You can't share stacked notebooks. Stacking is an organization method for grouping related notebooks. I like the feature, I prefer it organizationally over tagging, but you can't share stacks. So i had to revert my stacks and update my tags to share the content with my family.

Device damage. Get good screen protectors/cases that can take the intense duty. My cheapo home shortcut is a zip lock bag. Keep the opening at the bottom so you can access it, but spills and such run off. Also more compatible with stands and such this way.

These same ideas should apply pretty equally to Google Keep or Microsoft OneNote if you prefer their licensing and privacy terms.


----------



## phatch (Mar 29, 2002)

This is in Linux. Different OS will look somewhat different, handheld even more so.

You can see in the left column that I have the "cooking " notebook selected. The sort happens to be from most recently edited. The specific note is an Optical Character Recongnition transcription of a photo of some pages in a cookbook, The Key to Chinese Cooking.

Also in the left column, you'll see a Shortcut that links to my Bullet Journal collections. I'm trying a hybrid approach to bullet journal and this is how I quickly get to a note of links to my core organizational BUJO collections.
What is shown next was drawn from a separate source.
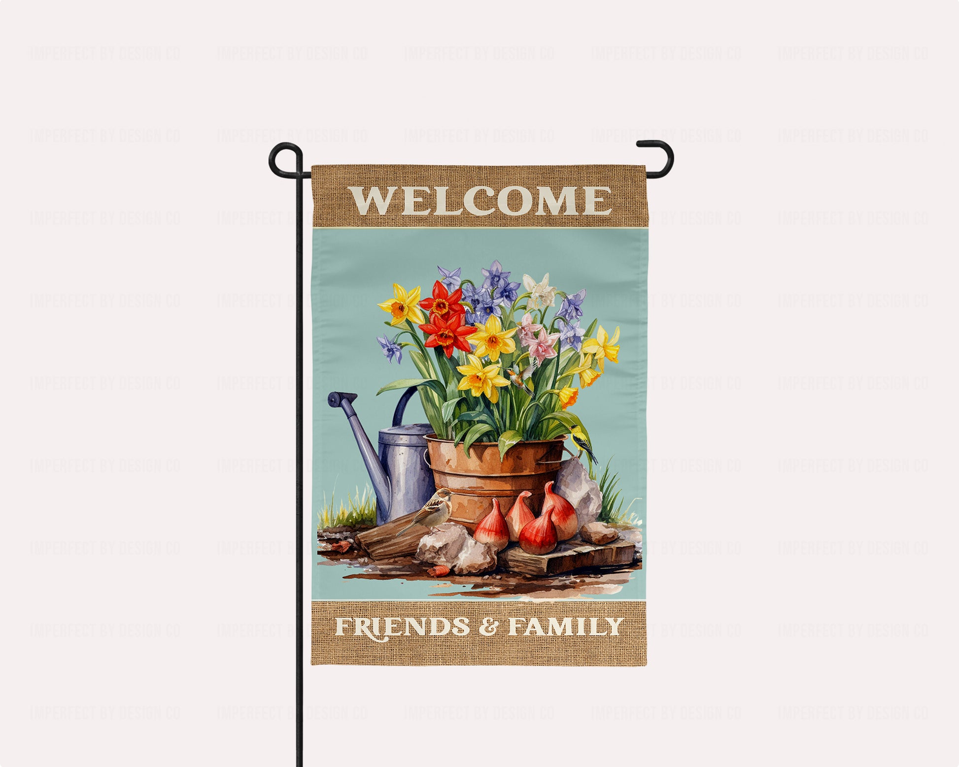 Garden Flag With Flowers And Birds Still Life, Welcome Friends and Family

The little green icon of people huddling on the notes means it's shared. The same icon in the upper right has a number indicating how many I've shared it with. Clicking that icon brings up who I've shared it with and what permissions they have.

At the bottom are the tags assigned to this note.

This is the home screen for desktops. I really don't like it. The assumptions it is based on are not that good for me. Paid accounts can make more useful changes. While I do have a paid account, it is an early account cheaper than any of the current offerings and grandfathered in. I don't get to change this.










You can full screen a note and zoom in the note itself on handheld devices


----------



## cheflife0812 (May 8, 2021)

phatch said:


> View attachment 70612
> 
> This is in Linux. Different OS will look somewhat different, handheld even more so.
> 
> ...


This is awesome. I really appreciate all the effort you took to write all this up.
Once i went through it all i decided this one wasn't for me. 
In the end I ended up going with Mastercook 2020 and their cloud service. 
Did however convince one of my chefs that i'm coaching to go down this road, they get stuck into just grabbing recipes from google every shift. 
So I coached the Chef in starting their own database of recipes that they know will work every time, using evernote.
Where I work we are given different cuts of meat every meal and have to design a menu for the service on the spot. Then given 5 hours to prep that service inclusive of salads, deserts, soups of day, vegetarians and go to mandatory Physical training. Most of the prep is from scratch as well.


----------



## phatch (Mar 29, 2002)

Glad it was useful.


----------